Anecdotally, from very good sources, I have been made aware of far worse things happening behind closed doors, until it seemed to become quite normal for both deputies and officers to work within a toxic environment without even realising it was toxic.

The result was that when P&R, after years of operating in this manner, went out on a ‘charm’ offensive to win votes for GST, they failed time and time again.
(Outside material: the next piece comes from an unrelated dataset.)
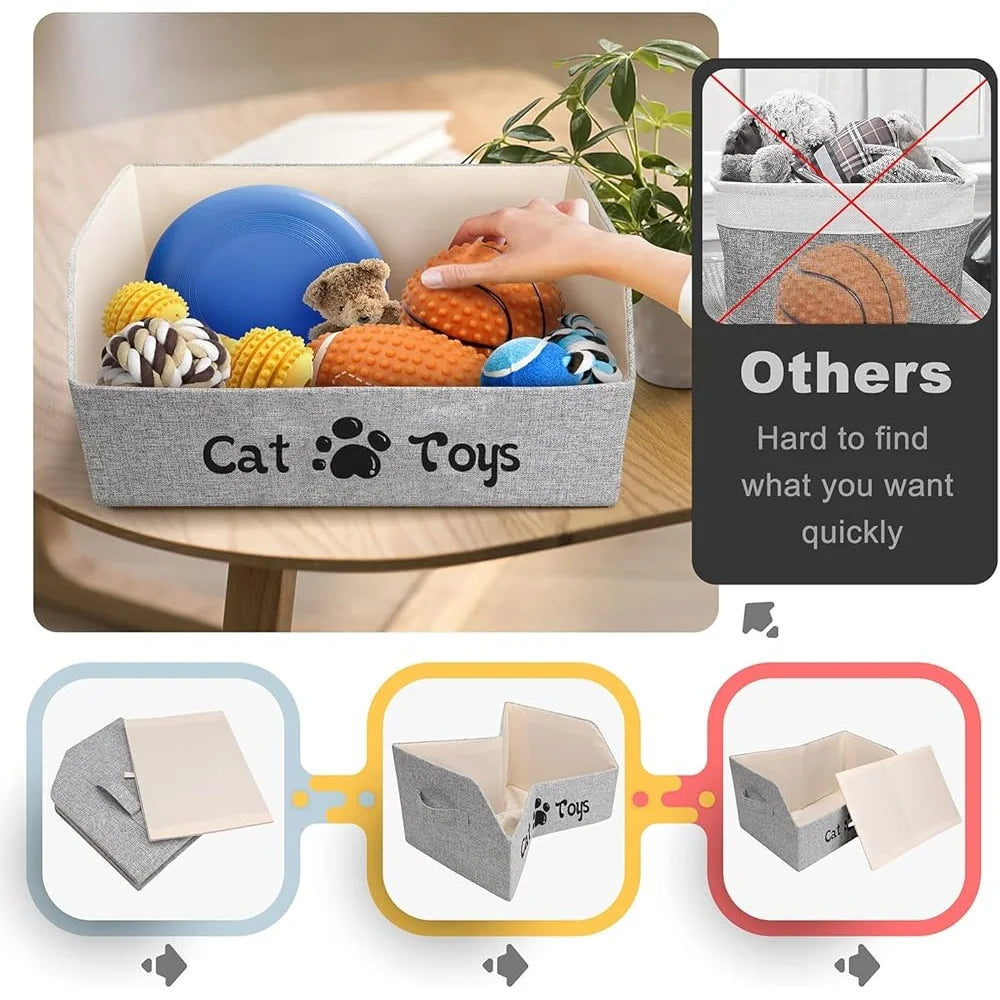 2X Thick Large Cat Toy Storage Basket Foldable Organizing Cat Toys Bed Kitten Toy Bin Durable Dirt-resistant Collapsible Pet

Individual members of P&R may have proved to be incredibly useful on technical matters but on the one thing they were elected to be, politicians, they were hopeless.

She’s not a member of P&R but Deputy Dudley-Owen recently commented that, as ESC president, she had been too busy working more hours than there are in a day, and more days than there are in a week, to approach all deputies before the vote on school funding, but if a deputy wanted to reach out to her then they knew where she was.

But a politician’s principal role is to get their policies passed and the funding obtained. To do that they need votes. Deputy Dudley-Owen’s one priority before the vote should have been to convince individual deputies to vote for her policy.

But doing, presumably, technical things did not leave her enough time to be a politician. She isn’t the only one who forgets the officers are the technocrats and the deputies are the politicians overseeing them.

I use this example to explain why I believe, at the very least, our principal committee needs to be staffed with politicians. Politicians don’t ignore or treat others in an offhanded way for three years and then expect those same people to both trust and vote for their policies.

If our current chief minister believes he has been a good leader, then he should resign and stand again for the leadership role, and see if he can win the mandate of the Assembly.

That would be the honourable thing to do, and it would leave the Assembly to get on with the real work of the States on 13 December, and end this ridiculous and long drawn out motion of no confidence debate.